## Data for processing
=-=-=-=-=
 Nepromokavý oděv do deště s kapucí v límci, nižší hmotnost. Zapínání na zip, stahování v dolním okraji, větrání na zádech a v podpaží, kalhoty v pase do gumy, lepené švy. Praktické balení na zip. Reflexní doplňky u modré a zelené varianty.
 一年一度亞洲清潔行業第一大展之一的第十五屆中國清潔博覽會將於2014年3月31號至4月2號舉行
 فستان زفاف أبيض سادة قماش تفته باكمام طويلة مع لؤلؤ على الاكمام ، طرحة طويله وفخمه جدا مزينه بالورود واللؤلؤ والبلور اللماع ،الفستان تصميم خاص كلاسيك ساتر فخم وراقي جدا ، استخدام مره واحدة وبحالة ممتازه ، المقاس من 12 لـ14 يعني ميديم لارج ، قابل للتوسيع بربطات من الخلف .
=-=-=-=-=
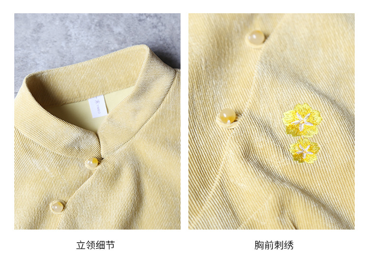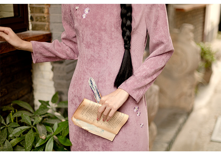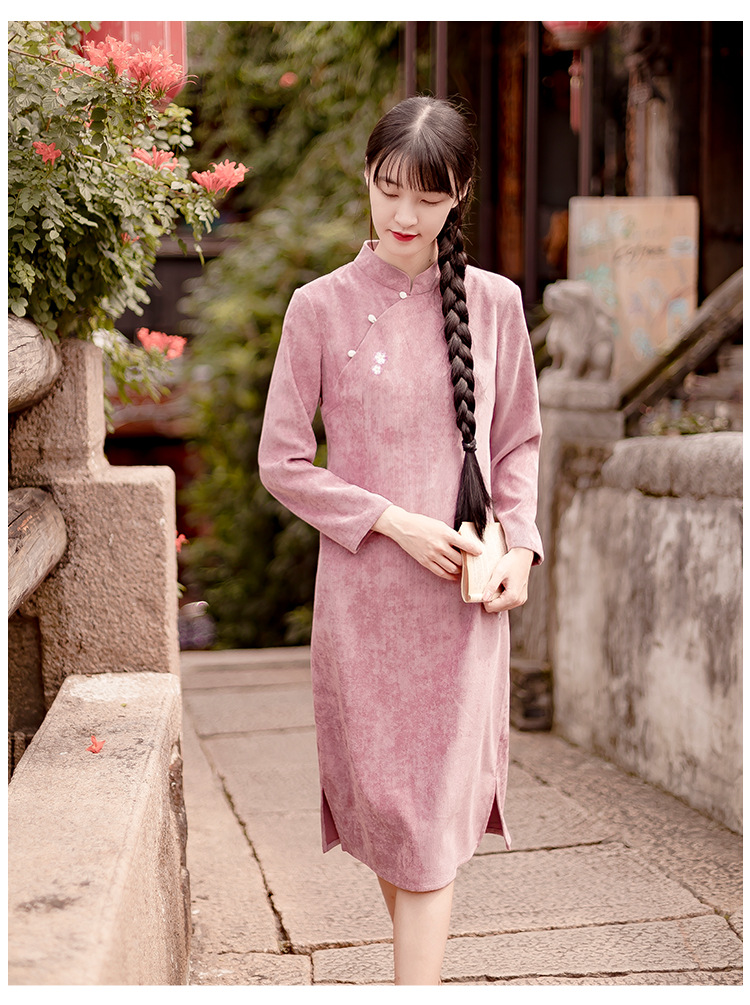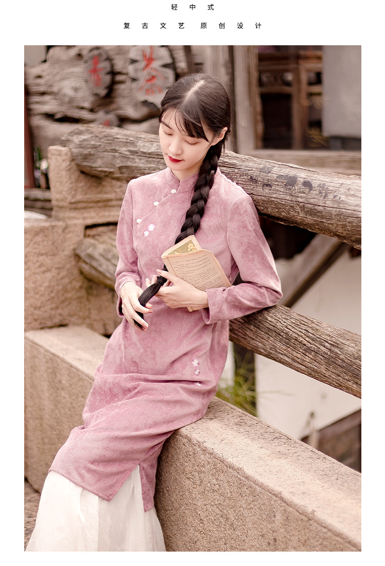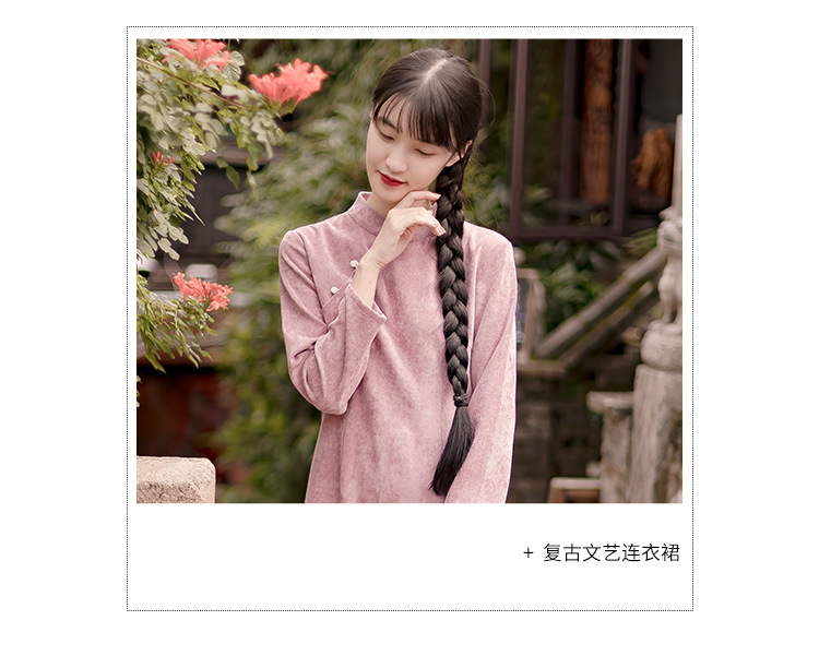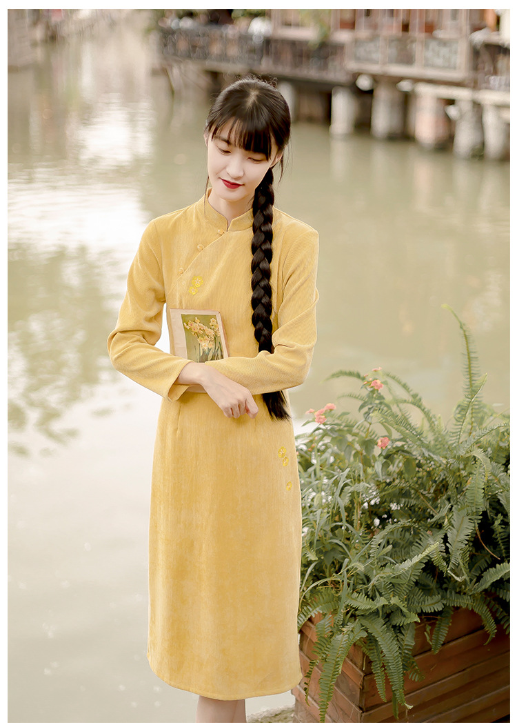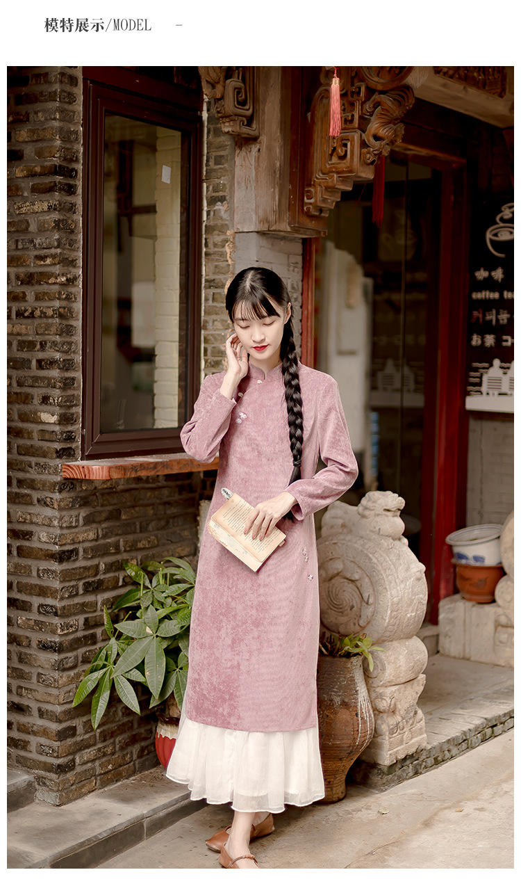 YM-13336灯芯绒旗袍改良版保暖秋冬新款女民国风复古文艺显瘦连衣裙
=-=-=-=-=
## Task description
Where the data above reaches the line holding "一年一度亞洲清潔行業第一大展", begin printing, and stop after the line holding "فستان زفاف أبيض". Each line must be reproduced exactly, with nothing else added.

## Task result
 一年一度亞洲清潔行業第一大展之一的第十五屆中國清潔博覽會將於2014年3月31號至4月2號舉行
 فستان زفاف أبيض سادة قماش تفته باكمام طويلة مع لؤلؤ على الاكمام ، طرحة طويله وفخمه جدا مزينه بالورود واللؤلؤ والبلور اللماع ،الفستان تصميم خاص كلاسيك ساتر فخم وراقي جدا ، استخدام مره واحدة وبحالة ممتازه ، المقاس من 12 لـ14 يعني ميديم لارج ، قابل للتوسيع بربطات من الخلف .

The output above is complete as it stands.